Groundbreaking findings bring hope for faster and better recovery after stroke
An effective treatment for most stroke victims — even those who, today, are unable to gain access to care within the first few hours. This is the goal of an experimental method that has been tested with great success in an international study headed by the University of Gothenburg.
The work now published in the Journal of Clinical Investigation is a multicenter study in which researchers at the Universities of Gothenburg and Cologne implemented parallel testing of an experimental stroke treatment on mice. The study was conducted in collaboration with researchers at the Czech Academy of Sciences.
By giving mice a molecule, the complement peptide C3a, in nasal drops, the scientists saw them recover motor function faster and better after stroke compared with mice that had received nasal drops with a placebo. These results confirm and extend a previous study at the University of Gothenburg and the current study design further strengthens their credibility.
“We see the same positive effects in experiments done in Sweden and in Germany, which makes the results much more robust,” says Marcela Pekna, Professor of Neuroimmunology at Sahlgrenska Academy, University of Gothenburg, who led the study.
No racing against time
One crucial point is that the treatment was not initiated until seven days after the stroke. In a conceivable future, most stroke patients could thus be included — even those who do not reach a hospital in time or who, for other reasons, are not helped by clot-dissolving drugs (thrombolysis) or mechanical clot removal (thrombectomy).

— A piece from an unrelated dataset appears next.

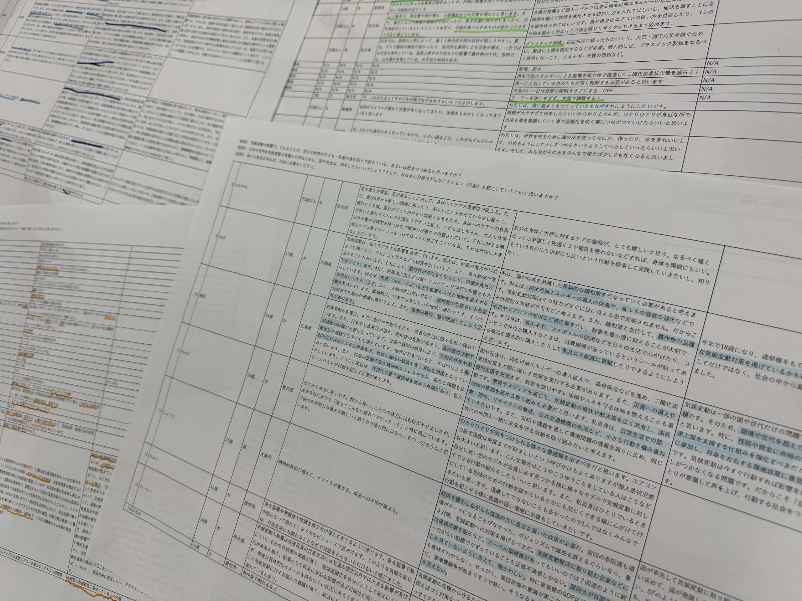 まずは3グループに分かれ、気候変動について寄せられた311件の意見(詳しくは後述)から、それぞれに気になる「キーワード」を拾い出す作業に取りかかりました。

“With this method, there’s no need to race against the clock. If the treatment is used in clinical practice, all stroke patients could receive it, even those who arrive at the hospital too late for thrombolysis or thrombectomy. Those who have remaining disability after the clot is removed could improve with this treatment too,” Pekna says.

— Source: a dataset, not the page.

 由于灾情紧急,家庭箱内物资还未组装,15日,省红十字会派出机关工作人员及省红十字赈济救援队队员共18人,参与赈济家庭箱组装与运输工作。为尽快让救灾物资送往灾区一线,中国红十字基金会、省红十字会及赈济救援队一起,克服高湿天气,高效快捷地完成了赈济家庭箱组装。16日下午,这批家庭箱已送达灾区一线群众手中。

The study demonstrates not only very distinct positive effects but also identifies the underlying cellular and molecular processes in the brain. Magnetic resonance imaging (MRI) showed that the treatment with C3a peptide increased the formation of new connections among nerve cells in the mouse brains.
Milos Pekny, Professor at the Department of Clinical Neuroscience at Sahlgrenska Academy, University of Gothenburg, participated in the study.
“Our results show,” he says, “that the C3a peptide affects the function of astrocytes — that is, cells that control many of the nerve cells' functions in both the healthy and the diseased brain — and which signals astrocytes send to nerve cells.”
Despite advances in emergency care, the most common form of stroke, ischemic stroke, is still a major cause of long-term disability, including impaired speech and mobility. The researchers emphasize that stroke treatment is not solely a matter of prompt interventions in the first hours after symptom onset.
“There is great potential for substantial improvement even at a later stage. Since the molecule was administered in nasal drops, the treatment could be given at home by relatives or the patients themselves,” Pekny says.
Timing is also of importance when it comes to the C3a peptide treatment. If the molecule is given too soon, it might increase the amount of inflammatory cells in the brain. The study also shows that the positive outcomes in experimental animals persist long after the treatment is discontinued.
“The good effect remains,” Pekna says, “and that is important. It means that this is real. And we know more about how the C3a peptide works. Our ambition is to develop the method to make it usable in clinical practice, but to get there, and especially to be able to carry out the necessary clinical trials, we need to team up with a partner in the pharmaceutical industry,” she concludes.